**Work instruction:** Restate, word for word and with no pictures, the stretch of lines in the data below that begins at the line with "REFERENCIA: a modo" and ends at the line with "Acreditamos que ela", inclusive.

**Exercise data:**

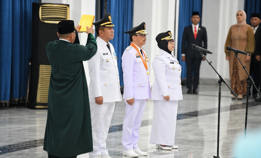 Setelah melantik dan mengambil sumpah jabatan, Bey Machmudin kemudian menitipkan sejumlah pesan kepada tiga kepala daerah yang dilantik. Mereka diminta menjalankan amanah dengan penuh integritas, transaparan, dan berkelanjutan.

...

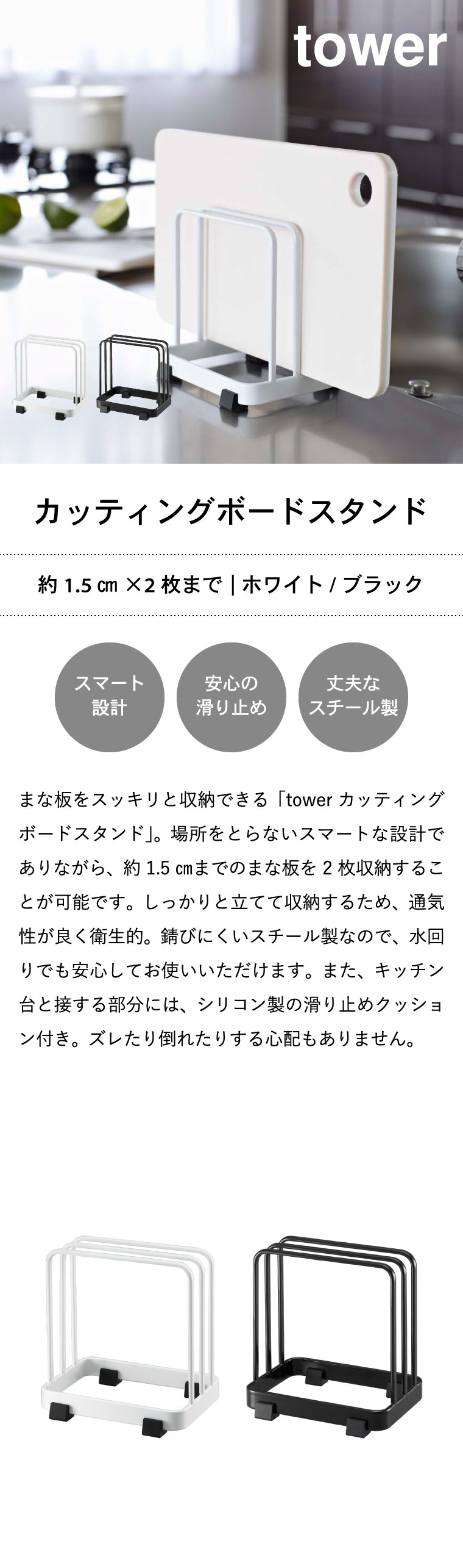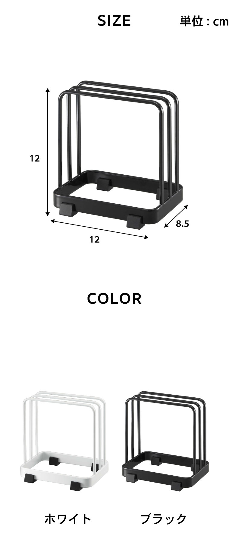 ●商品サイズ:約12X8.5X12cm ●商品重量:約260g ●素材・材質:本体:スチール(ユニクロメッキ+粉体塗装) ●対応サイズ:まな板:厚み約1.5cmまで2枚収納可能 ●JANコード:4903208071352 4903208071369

--

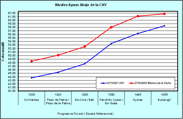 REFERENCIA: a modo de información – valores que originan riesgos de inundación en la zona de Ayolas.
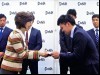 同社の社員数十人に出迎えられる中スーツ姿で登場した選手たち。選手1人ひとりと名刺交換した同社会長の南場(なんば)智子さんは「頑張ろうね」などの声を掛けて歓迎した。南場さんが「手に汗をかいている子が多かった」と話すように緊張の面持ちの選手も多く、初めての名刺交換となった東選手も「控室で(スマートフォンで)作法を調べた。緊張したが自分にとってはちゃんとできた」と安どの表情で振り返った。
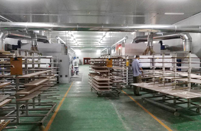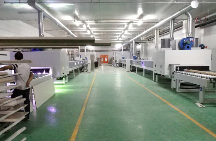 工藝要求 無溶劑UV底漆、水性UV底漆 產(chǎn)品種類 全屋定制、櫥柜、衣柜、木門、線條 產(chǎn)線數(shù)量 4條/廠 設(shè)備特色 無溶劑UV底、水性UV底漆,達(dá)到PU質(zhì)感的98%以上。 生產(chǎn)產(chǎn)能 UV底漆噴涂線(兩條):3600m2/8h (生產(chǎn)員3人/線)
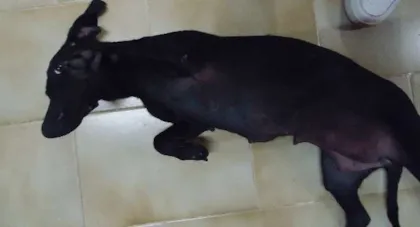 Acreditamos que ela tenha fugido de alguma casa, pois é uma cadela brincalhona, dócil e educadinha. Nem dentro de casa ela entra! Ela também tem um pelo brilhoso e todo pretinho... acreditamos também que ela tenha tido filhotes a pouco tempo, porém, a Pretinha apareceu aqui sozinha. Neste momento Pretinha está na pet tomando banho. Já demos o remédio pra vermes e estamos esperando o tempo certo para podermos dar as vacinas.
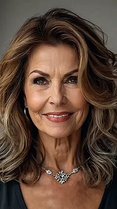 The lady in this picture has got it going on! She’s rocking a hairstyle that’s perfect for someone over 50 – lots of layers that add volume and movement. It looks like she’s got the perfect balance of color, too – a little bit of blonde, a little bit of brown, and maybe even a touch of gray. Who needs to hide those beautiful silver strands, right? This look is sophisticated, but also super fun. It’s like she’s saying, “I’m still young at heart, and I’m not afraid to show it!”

**Answer section:**
 REFERENCIA: a modo de información – valores que originan riesgos de inundación en la zona de Ayolas.
 同社の社員数十人に出迎えられる中スーツ姿で登場した選手たち。選手1人ひとりと名刺交換した同社会長の南場(なんば)智子さんは「頑張ろうね」などの声を掛けて歓迎した。南場さんが「手に汗をかいている子が多かった」と話すように緊張の面持ちの選手も多く、初めての名刺交換となった東選手も「控室で(スマートフォンで)作法を調べた。緊張したが自分にとってはちゃんとできた」と安どの表情で振り返った。
 工藝要求 無溶劑UV底漆、水性UV底漆 產(chǎn)品種類 全屋定制、櫥柜、衣柜、木門、線條 產(chǎn)線數(shù)量 4條/廠 設(shè)備特色 無溶劑UV底、水性UV底漆,達(dá)到PU質(zhì)感的98%以上。 生產(chǎn)產(chǎn)能 UV底漆噴涂線(兩條):3600m2/8h (生產(chǎn)員3人/線)
 Acreditamos que ela tenha fugido de alguma casa, pois é uma cadela brincalhona, dócil e educadinha. Nem dentro de casa ela entra! Ela também tem um pelo brilhoso e todo pretinho... acreditamos também que ela tenha tido filhotes a pouco tempo, porém, a Pretinha apareceu aqui sozinha. Neste momento Pretinha está na pet tomando banho. Já demos o remédio pra vermes e estamos esperando o tempo certo para podermos dar as vacinas.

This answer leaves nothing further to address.